Yes. It is a special tool for a special use case, I use it exclusively
for database servers and hosting DBaaS. Therefore my point is that a
change in it's behavior only effects special use cases and should take
their requirements into consideration.

>>>> When running in a memory cgroup - for example via systemd or on k8s -
>>>> the kernel will not return ENOMEM even if the cgroup's memory limit is
>>>> exceeded.
>>>
>>> Yes, memcg doesn't change the overal approach. It just restricts the
>>> existing semantic with a smaller memory limit. Also overcommit heuristic
>>> has never been implemented for memory controllers.
>>>
>>>> Instead the OOM killer is awakened and kills processes in the
>>>> violating cgroup. If any backend is killed with SIGKILL the shared
>>>> memory of the whole cluster is deemed potentially corrupted and
>>>> PostgreSQL needs to do an emergency restart. This cancels all operation
>>>> on all backends and it entails a potentially lengthy recovery process.
>>>> Therefore the behavior is quite "costly".
>>>
>>> One way around that would be to use high limit rather than hard limit
>>> and pro-actively watch for memory utilization and communicate that back
>>> to the application to throttle its workers. I can see how that
>>>
>>>> I totally understand that vm.overcommit_memory 2 does not mean "no OOM
>>>> killer". IMHO it should mean "no OOM killer if we can avoid it" and I
>>>
>>> I do not see how it can ever promise anything like that. Memory
>>> consumption by kernel subsystems cannot be predicted at the time virtual
>>> memory allocated from the userspace. Not only it cannot be predicted but
>>> it is also highly impractical to force kernel allocations - necessary
>>> for the OS operation - to fail just because userspace has reserved
>>> virtual memory. So this all is just a heuristic to help in some
>>> extreme cases but overall I consider OVERCOMMIT_NEVER as impractical to
>>> say the least.
>>
>> I'm not fully able to follow you why we need to let kernel allocations
>> fail here. Yes, if you run a system to a point where the kernel can't
>> free enough memory, invasive decisions have to be made.
>
> OK. But then I do not see what "no OOM killer if we can avoid it" is
> suppose to mean. There are only 2 ways around that. Either start
> failing allocations or reclaim by tearing down processes as all other
> means of memory reclaim have been already exercised.

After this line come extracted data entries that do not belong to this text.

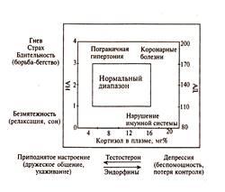 Взаимодействие двух мозговых систем, регулирующих поведение борьбы/бегства и поведенческое торможение. На ординате представлена шкала активации системы: миндалина — симпатическая нервная система — мозговое вещество надпочечников, регулирующая уровень НА и А и оборонительное поведение от борьбы / бегства до релаксации и сна. Она отвечает на активацию синего пятна ростом НА (А) в плазме и увеличением кровяного давления (АД). На абсциссе — шкала активации системы: гипофиз — кора надпочечников, регулирующая уровень кортизола, тестостерона и эндорфинов. Увеличение ее активации приводит к депрессии, для которой характерны высокий уровень кортизола и эндорфина, снижение содержания тестостерона.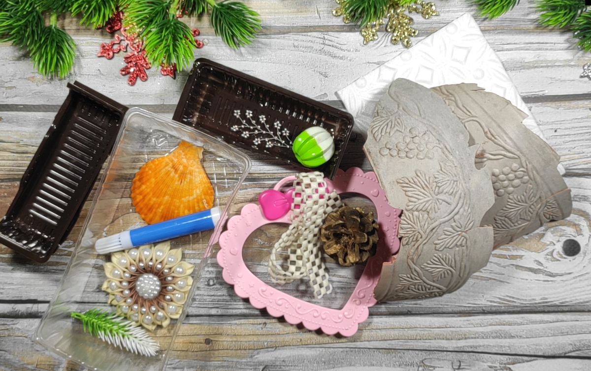 Добрый день, дорогие друзья. Надеюсь многим эта статья будет полезна, ведь не все хотят тратиться на силиконовые молды, которые потом могут вовсе и не пригодиться. Поэтому нужно осмотреться вокруг себя, что-то обязательно да попадётся на глаза. Что мы ищем? Ищем всё, что имеет любой рельефный рисунок. У меня нашлись вот такие «сокровища»: разбитый пластиковый горшок (отломала рельефные детали), куски потолочной плитки с узорами, коробочки от печения с рельефным дном, старый фломастер с подходящим колпачком, детская резиночка с бусинами, бисерная веточка, крышка от детской шкатулочки и ещё несколько мелочей. И это ещё далеко не всё! Если честно, хотела ещё часть пластиковой коробки от торта и резиновый тапок «привлечь» (уж очень интересный рисунок на подошве), но вовремя остановилась – перебор). Специально искала то, что может оставить отпечаток (оттиск) на воздушном пластилине. Все эти детали-молды протестировала на кусочках лёгкого пластилина. Некоторые результаты очень порадовал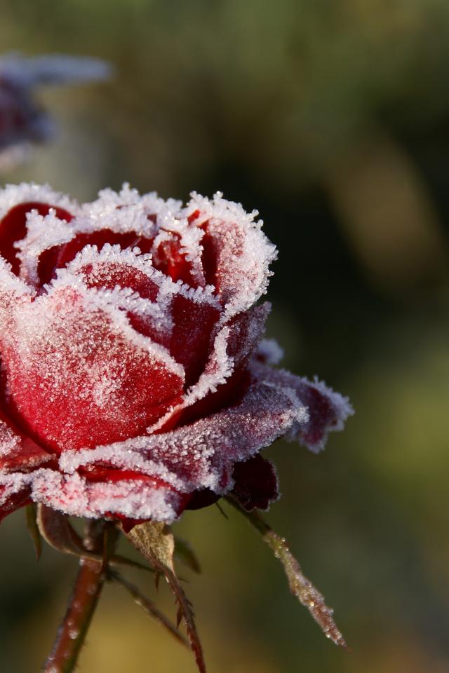 Wallpaper Red rose covered with frost close up

Yes of cause if all means of memory reclaim have been already exercised,
there is not much todo. But I want to prevent the OOM killer from
reaping processes especially if more than enough memory is available.
There are many reasons to enforce limits even if enough resources are
available. For example to prevent bad neighbor behavior, leave plenty
of free memory for the file system cache or because someone pays only
for a given amount of resources in a SaaS offering and the SREs would
like to enforce the limit without shutting down their clients database
service. :)
With KVM this is quite easy, just use one VM per RDBMS instance and set
overcommit_memory=2, but this would waste a lot of resources.

>> Think of an
>> application server running multiple applications in memcgs each with its
>> limits way below the available resources. Why is it preferable to
>> SIGKILL a process rather than just deny the limit exceeding malloc, when
>> OVERCOMMIT_NEVER is set of cause?
>
> Because the actual physical memory allocation for malloc might (and
> usually does) happen much later than the virtual memory allocated for it
> (brk or mmap). Memory requirements could have changed considerably
> between the two events. An allocation struggling to make a forward
> progress might be for a completely different purpose than the overcommit
> accounted one. Does this make more sense now?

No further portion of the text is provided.